Wetenschap
Tantaal is een van de zeldzaamste elementen en heeft meerdere stabiele isotopen. De minst voorkomende tantaalisotoop, Ta-180, wordt van nature aangetroffen in een langlevende opgewonden toestand, een kenmerk dat uniek is voor deze isotoop. In aangeslagen toestanden hebben de protonen of neutronen van een kern een hoger energieniveau dan normaal.
Hoewel energetisch mogelijk, is het radioactieve verval van deze aangeslagen toestand in Ta-180m nooit waargenomen. Onderzoekers voeren nu experimenten uit die tot doel hebben dit verval te meten, dat naar verwachting een levensduur zal hebben die ongeveer 1 miljoen keer langer zal zijn dan de leeftijd van het universum.
Het verval van aangeslagen toestanden van kernen geeft inzicht in hoe kernen vervormen wanneer ze zich in die toestanden bevinden. Kernfysici hebben de variaties in vorm en de daaruit voortvloeiende vorming van deze kortlevende isotopen, die isomeren worden genoemd, uitgebreid bestudeerd. Ze hebben echter een van de meest extreme gevallen, het verval van Ta-180m, nog niet grondig bestudeerd.
Natuurkundigen kunnen de kerntheorie gebruiken om het verval van Ta-180m te voorspellen op basis van de kennis van isomeren met een kortere levensduur, maar dit specifieke isomeer is nog niet gemeten. De uitzonderlijke stabiliteit ervan daagt bestaande theorieën en modellen van nucleaire structuur en verval uit. Dit betekent dat het meten van verval in Ta-180m een ongekende kans is om bij te dragen aan de nucleaire theorie.
Nu hebben wetenschappers voor het eerst een experiment bedacht met de vereiste gevoeligheid om de voorspelde halfwaardetijden te bereiken. Het experiment heeft de eerste gegevens opgeleverd en de langste limieten vastgesteld die ooit zijn bereikt in onderzoeken naar nucleaire isomeren. Het onderzoek is gepubliceerd in het tijdschrift Physical Review Letters .
In dit project hebben natuurkundigen de MAJORANA-faciliteit met ultra-lage achtergrond in de Sanford Underground Research Facility in South Dakota geherstructureerd. Bovendien introduceerden ze een aanzienlijk groter tantaalmonster vergeleken met eerder gebruikt in soortgelijke onderzoeken.
In de loop van een jaar verzamelden onderzoekers gegevens met behulp van germaniumdetectoren met een uitzonderlijke energieresolutie. Ze ontwikkelden ook analysemethoden die specifiek waren toegesneden op het detecteren van meerdere verwachte vervalsignaturen. Deze gecombineerde inspanningen hebben hen in staat gesteld ongekende limieten vast te stellen, die binnen het bereik van 10 18 vallen tot 10 19 jaar. Dit gevoeligheidsniveau markeert het eerste geval waarin voorspelde halfwaardetijden uit de kerntheorie haalbaar zijn geworden.
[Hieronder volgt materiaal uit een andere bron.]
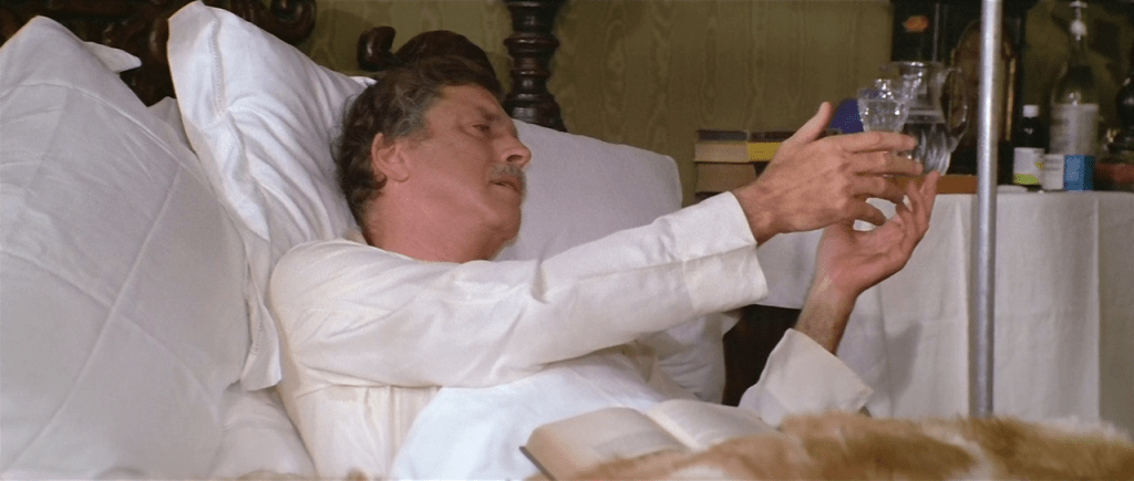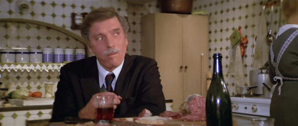 En Venecia, Bogarde llena a su personaje de amaneramientos que no tiene en los flashbacks que lo muestran como esposo y padre. Lancaster mantiene siempre su máscara cansada y viril. Por eso es más notable la manera en la que en ocasiones mira a Konrad. Cuando lo ve por primera vez, cuando descubre en una charla que es inteligente, cuando lo encuentra en la ducha, y sobre todo esa tarde en la que el profesor y sus inquilinos pican algo en la cocina. Los jóvenes están apurados, tienen hambre y el viejo guarda en su almacén un tesoro de pan, queso, salame y vino que comparte con gusto, como viviendo por unos minutos lo que sucede en sus cuadros. Visconti planifica la escena de manera clásica. Un espacio amplio presentado con planos generales, personajes bien distribuidos y un montaje claro, sostenido todo en el raccord de miradas. Los tres planos que me interesan -uno del profesor, uno de Konrad, uno del profesor- son extremadamente simples y podrían calificarse de rutinarios si no fuera por dos cosas: porque Visconti hace que los diálogos calcen justo para que en ellos se entienda algo más que lo que dicen las palabras y por las acciones que los acompañan. Esta doble operación hace chirriar el sistema convencional y elegante (digámoslo: académico) que en principio determina y contiene los tres planos.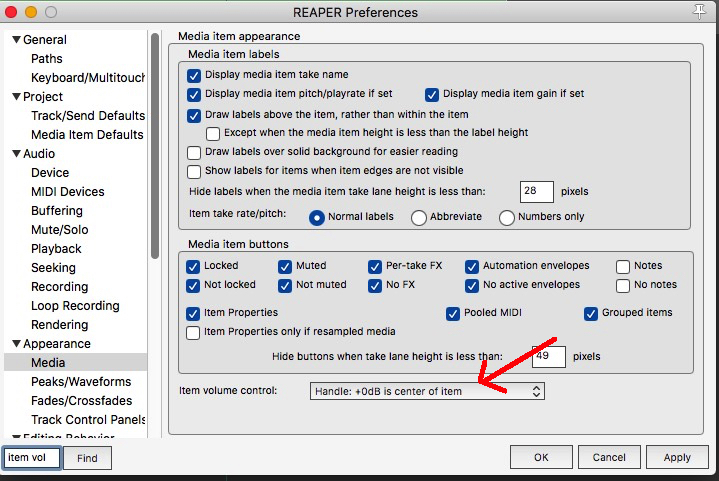 @Alexander Yakuba, У меня вообще настроено так: Cmd+колесо мыши - +/- 1dB, Cmd+Shift+колесо - +/- 0,1dB. Cmd+Ctrl+колесо - сброс в ноль. Уже и не помню когда вручную линию эту тягал))) машинально уже с колесом все делаю. И у меня настроено чтоб он выделял айтем под курсором, не снимая выделение с уже выделенных, тоже иногда удобно, ну и чтоб на всех айтемах сразу менять конечно.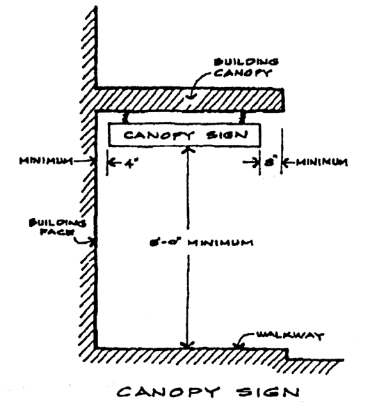 Over Private Property: Projecting, awning, and canopy signs shall provide at least eight feet of clearance above the ground when erected over pedestrian walkways on private property and 17 feet of clearance when erected over driveways or other areas used for vehicles. Suspended canopy signs shall be at least four inches from the building face and at least eight inches from the edge of the canopy.

Hoewel het vervalproces nog niet is waargenomen, hebben deze ontwikkelingen de bestaande grenzen aanzienlijk verbeterd met één tot twee ordes van grootte. Bovendien heeft deze vooruitgang onderzoekers in staat gesteld bepaalde parameterbereiken die verband houden met verschillende potentiële donkere materiedeeltjes te verwerpen.